Critical foundational knowledge on Natural Language Understanding (NLU) for anyone interested in learning about conversational AI or conversation design.
Natural Language Understanding (NLU) is being used in more and more applications, powering the world’s chatbots, voicebots and voice assistants. With 67% of companies claiming to be working on conversational assistants, and 51% of companies forecast to spend more on conversational AI than on mobile apps, it’s likely only a matter of time before you and your team encounter working with NLU systems.
Most of the guidance on Natural Language Understanding (NLU) online is created by NLU system providers. Some providers work in unique ways and so, if you’re just learning about conversational AI and conversation design, this plain English guide will get you up to speed on the basics of Natural Language Understanding; what it is, how it works and how to use it.
What is natural language understanding (NLU)?
Natural language understanding is an artificial intelligence technology who’s main job is understanding spoken or written words and phrases.
It turns language, known technically as ‘unstructured data’, into a ‘machine readable’ format, known as ‘structured data’. This enables other computer systems to process the data to fulfil user requests.
Most of the time, NLU is found in chatbots, voicebots and voice assistants, but it can theoretically be used in any application that aims to understand the meaning of typed text.
How does natural language understanding (NLU) work?
NLU systems work by analysing input text, and using that to determine the meaning behind the user’s request. It does that by matching what’s said to training data that corresponds to an ‘intent’. Identifying that intent is the first job of an NLU.
What is an NLU intent?
An intent is an action that a user intends to perform.

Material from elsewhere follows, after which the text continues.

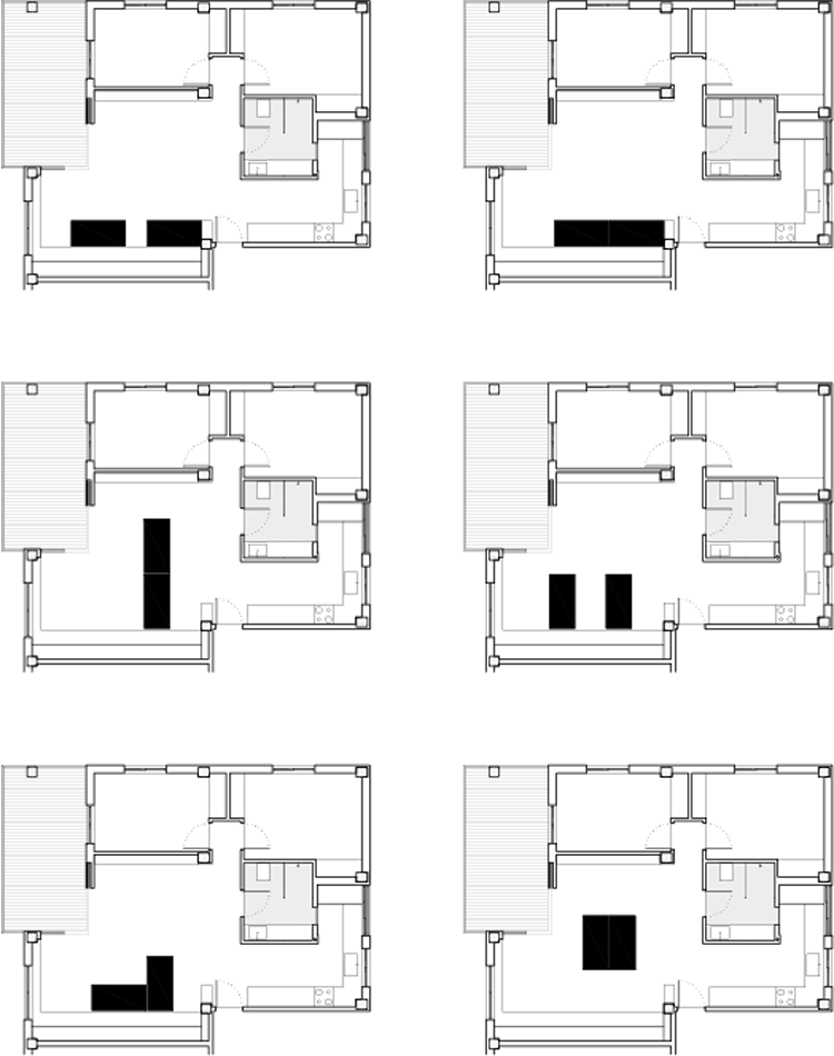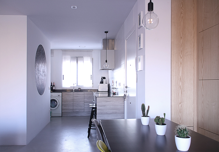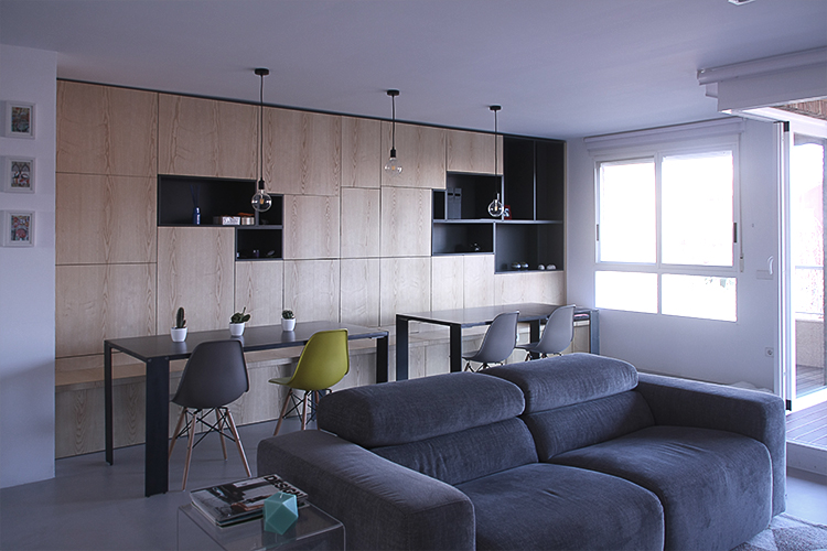 Refurbishment of a 90m2 apartment. The main space is cleared, expanded and opened towards the views of the near Mediterranean sea. The new corner window allows better views and blurs the boundaries between inside and outside connecting the living space with the terrace. The new layout enforces cross ventilation utilising the sea breeze for clima control.

You can think of it as the meaning behind what the user said. For example, you might give your taxi chatbot or voicebot a ‘book’ intent if you want to allow your users to book a taxi.
How does an NLU determine an intent?
NLU systems determine the intent by taking the input text written by the user (or transcribed by a speech to text system), and matching that to similar text in its ‘training data’ (more on training data in a moment).
What is NLU training data?
Training data, also called ‘sample utterances’ are simply written examples of the kind of things people are likely to say to a chatbot or voicebot.
The training data is organised into ‘buckets’, with each bucket containing different examples of phrases that have the same or similar meaning. For example: “I’d like a taxi please” and “Book me a ride” could both be examples of training data that you’d put into one ‘bucket’. That’s because both of those phrases mean the same thing: the user wants to book a ride.
Whereas; “How much would it cost?” and “Can I get a quote?” would both be examples of training data that you’d put into a different ‘bucket’. That’s because both of those phrases mean the user is wanting to know how much a ride would cost.
Each ‘bucket’ is given a specific label and that label is, you guessed it, the ‘intent’.
The second job of an NLU, as well as identifying intents is to also identify ‘entities’.
What is an NLU entity?
An entity is a specific piece of data or information that’s particularly important, sometimes crucial, for a given intent. For example, your ‘book’ intent might require a ‘starting location’, a ‘destination’, a ‘date’ for collection and a ‘time’. All of those are entities that are required in order for the ‘book’ intent to be successfully carried out.
Entities can have a variety of values, such as dates, times, locations, towns, cities, numbers or any words, phrases or values that you specify.
Once you have your intents, entities and sample utterances, you have what’s known as a language model.
The purpose of NLU training data
The purpose of providing training data to NLU systems isn’t to give it explicit instructions about the exact phrases you want it to listen out for. It’s to give it samples of the kind of things you want it to listen out for.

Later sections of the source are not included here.